DummyClassifier(constant=None, random_state=None, strategy='warn')

In [21]:
#predict test results
logistic_y_prediction = logistic_classifier.predict(X_test) 
decision_y_prediction = decision_classifier.predict(X_test) 
random_y_prediction = random_classifer.predict(X_test) 
dummy_y_prediction = dummy_classifer.predict(X_test) 

In [22]:
from sklearn.metrics import accuracy_score 
#print accuracy of classifers
print('Logistic accuracy:') 
print(accuracy_score(logistic_y_prediction, y_test)) 
print('Decision Tree accuracy:')
print(accuracy_score(decision_y_prediction, y_test))
print('Random Forest accuracy:')
print(accuracy_score(random_y_prediction, y_test))
print('Dummy accuracy:')
print(accuracy_score(dummy_y_prediction, y_test))

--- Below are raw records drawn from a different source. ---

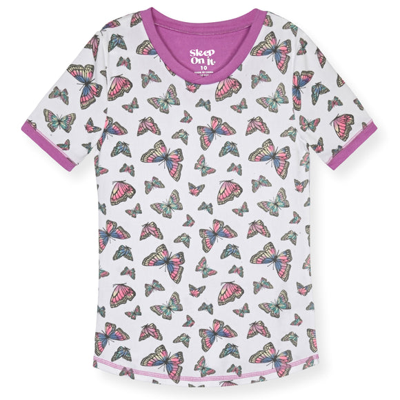 Sleep On It Girls 2-Piece Super Soft Jersey Long Sleeve Snug-Fit Pajama Set for Toddlers & Girls with Scrunchie - Butterfly
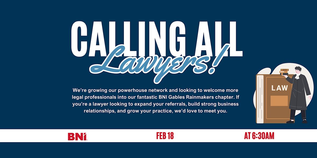 We’re growing our powerhouse network and looking to welcome more legal professionals into our fantastic BNI Gables Rainmakers chapter. If you’re a Lawyer looking to expand your referrals, build strong business relationships, and grow your practice, we’d love to meet you.
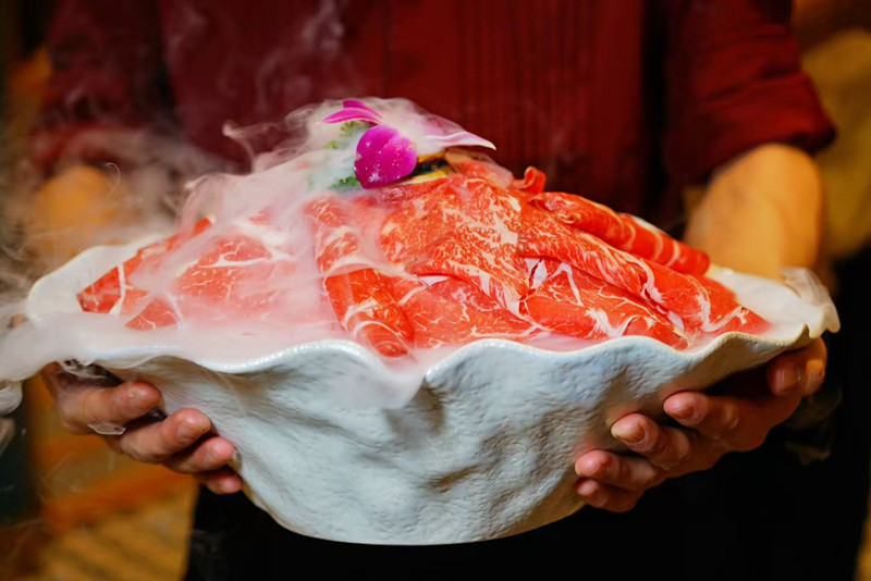 還有海鮮拼盤堆得像小山,M7和牛下鍋幾秒就香得流油
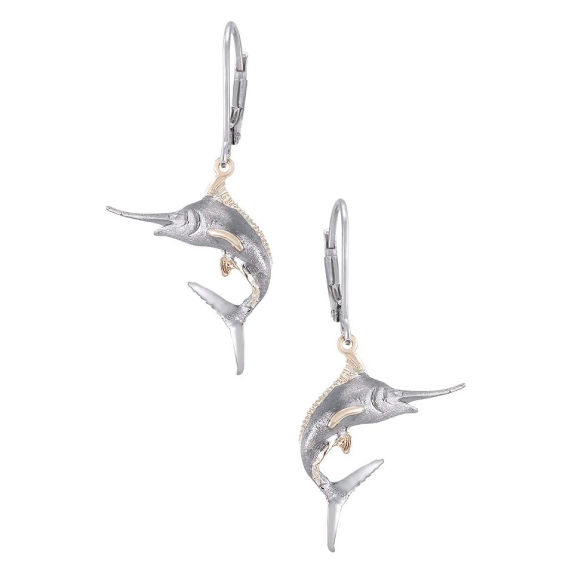 These blue marlin precious silver earrings are made from 14k yellow gold, featuring 4 diamonds with a dangle leverback.
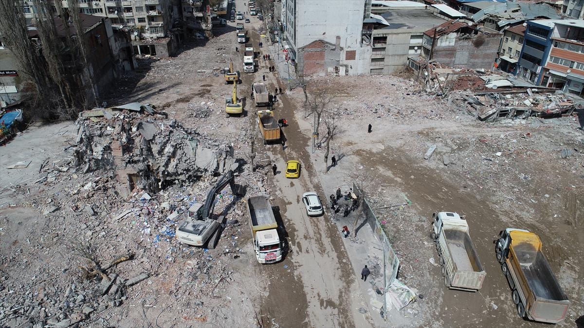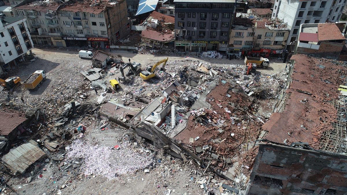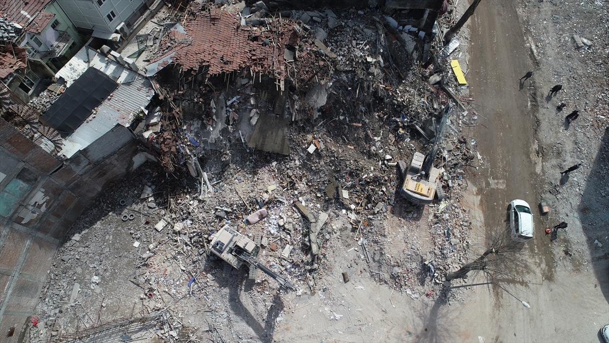 Öte yandan, kentin farklı noktalarında sürdürülen enkaz kaldırma çalışmaları havadan görüntülendi.

#the most accurate classifer is random forest classifer at 0.86
#by random guessing the accuracy score is at 0.68

Logistic accuracy:
0.7985
Decision Tree accuracy:
0.7715
Random Forest accuracy:
0.848
Dummy accuracy:
0.6855


In [23]:
from sklearn.metrics import f1_score
#print accuracy of classifers
print('Logistic f1_score:') 
print(f1_score(logistic_y_prediction, y_test)) 
print('Decision Tree f1_score:')
print(f1_score(decision_y_prediction, y_test))
print('Random Forest f1_score:')
print(f1_score(random_y_prediction, y_test))
print('Dummy f1_score:')
print(f1_score(dummy_y_prediction, y_test))
#the best classifer is random forest classifer at 0.57

Logistic f1_score:
0.25231910946196656
Decision Tree f1_score:
0.46922183507549364
Random Forest f1_score:
0.5351681957186545
Dummy f1_score:
0.24670658682634727


In [24]:
#prediction probabilities test results
logistic_y_proba = logistic_classifier.predict_proba(X_test)[:,1]
decision_y_proba = decision_classifier.predict_proba(X_test)[:,1]
random_y_proba = random_classifer.predict_proba(X_test)[:,1] 
dummy_y_proba = dummy_classifer.predict_proba(X_test)[:,1] 

In [25]:
from sklearn.metrics import roc_auc_score

#print accuracy of classifers
print('Logistic auc:') 
print(roc_auc_score(y_test,logistic_y_proba)) 
print('Decision Tree auc:')
print(roc_auc_score(y_test, decision_y_proba))
print('Random Forest auc:')
print(roc_auc_score(y_test, random_y_proba))
print('Dummy auc:')
print(roc_auc_score(y_test,dummy_y_proba))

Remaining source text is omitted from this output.